Aside from the much-anticipated line of Fermi-based GeForce graphics cards, NVIDIA is also scheduled to reveal another model, namely the GeForce GT 240, aimed at the mainstream market and built using the company's new generation of 40nm graphics processors. According to the most recent rumors that have surfaced on the Internet, said card will arrive in mid-November, providing NVIDIA fans with a choice for a DirectX 10.1-enabled solution that should reportedly perform at about the same levels as the GeForce 9600 GT models.
Built on the GT215 core, the upcoming GeForce GT 240 graphics card will be based on a 40nm GPU, manufactured at TSMC, will boast support for DirectX 10.1 and will be featured with 96 Stream processors. Although details about its clock speeds are yet to be announced, it is generally believed that the GDDR5 version of this card will perform at around the same levels as the chip maker's line of GeForce 9600GT or GSO models.
One of the main concerns with this card is that it will face some strong competition from AMD's current and upcoming products. This is already the case with the GeForce GT 220, which was launched by the Santa Clara, California-based chip maker a while back.

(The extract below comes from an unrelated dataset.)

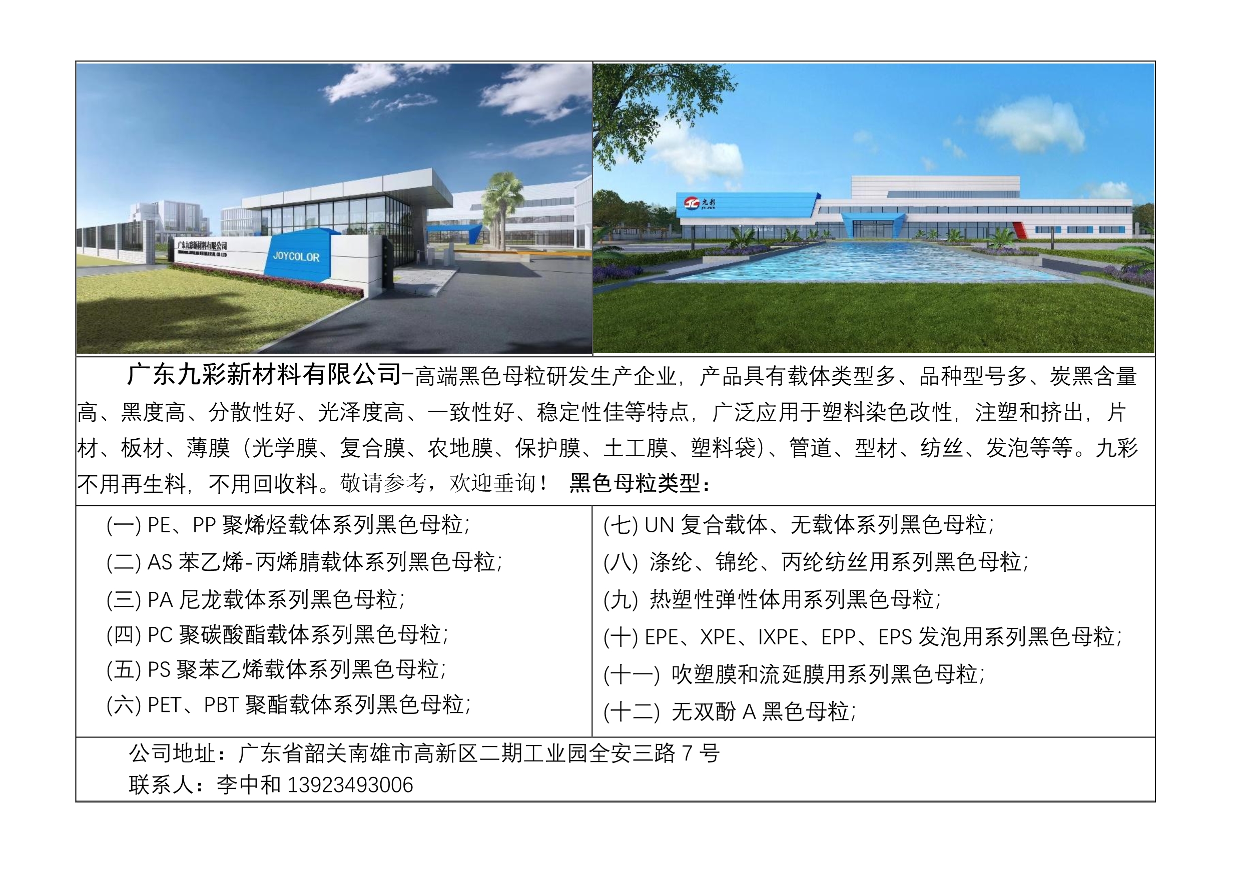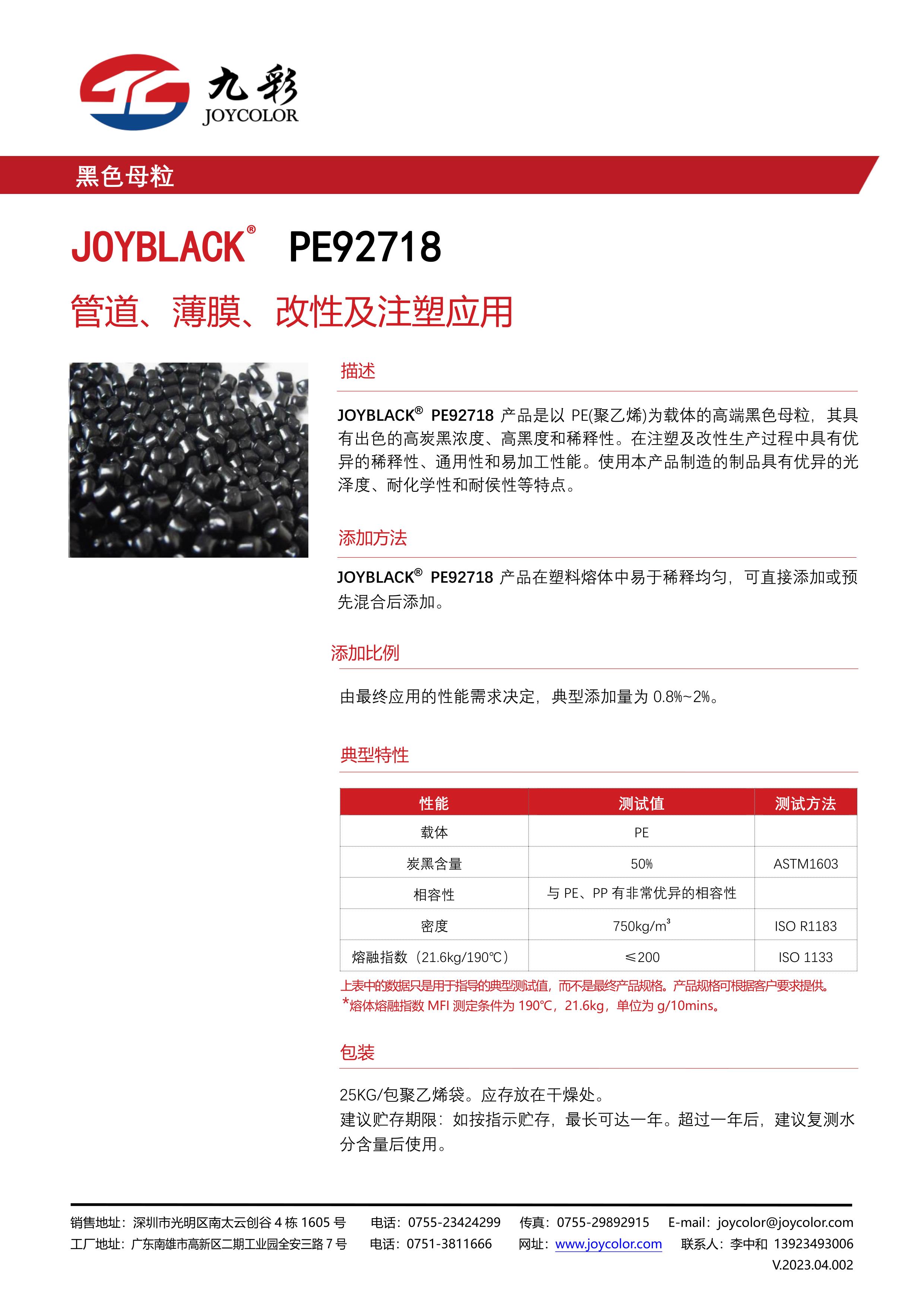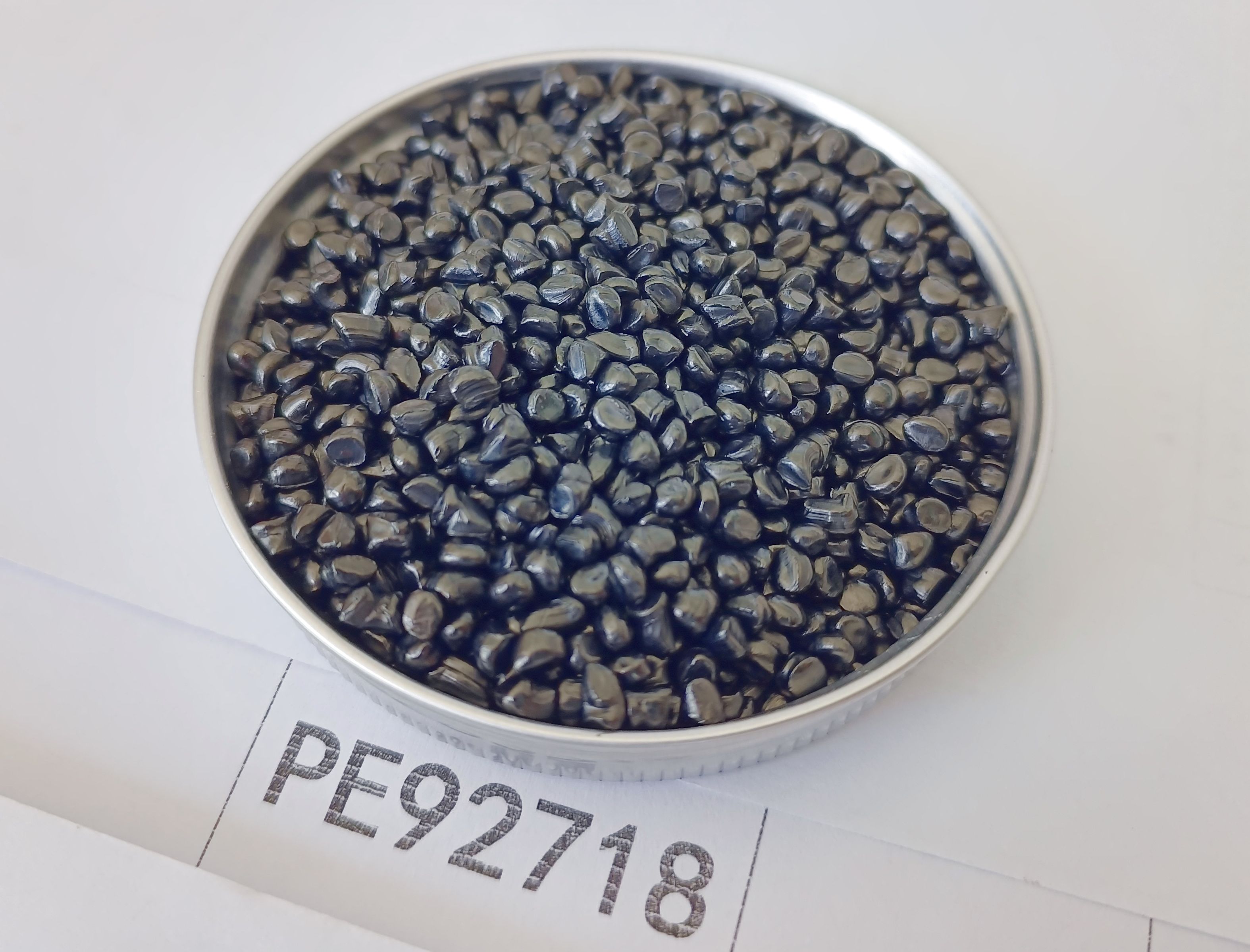 九彩新材料PE92718是一款通用性好的低气味中高熔指的聚乙烯载体黑色母粒。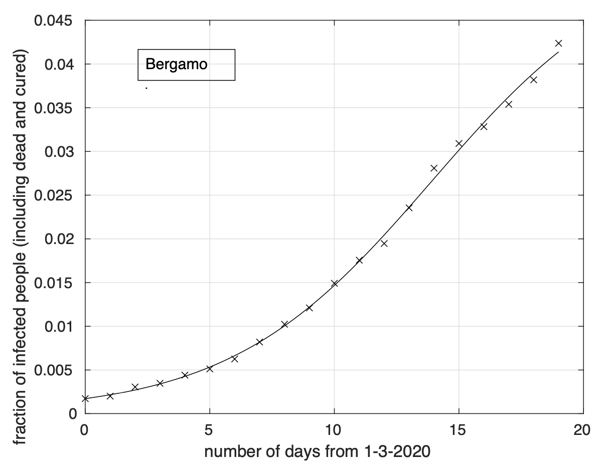 Figura 1. Frazione del numero di contagiati osservati nella provincia di Bergamo rispetto alla popolazione della provincia in funzione del tempo a partire dal 1 marzo. Il miglior fit con un modello logistico è sovrapposto ai dati. Si osserva una fase in cui il tasso di crescita diminuisce.

This card faces stiff competition from AMD's 4670, the Radeon HD 4770 or the newly launched Radeon HD 5700-series, which should become available soon enough, despite the TSMC's 40nm yield problems.
Although the GT 240 could be an interesting choice for the average PC users, gamers, computer enthusiasts and early adopters are most likely waiting anxiously for the official debut of the new 40nm Fermi-based GeForce cards, which should be launched sometime before the end of this year, according to recent reports. Unfortunately, we have no details on the pricing of the aforementioned GT 240, but the rumored released date isn't that far ahead.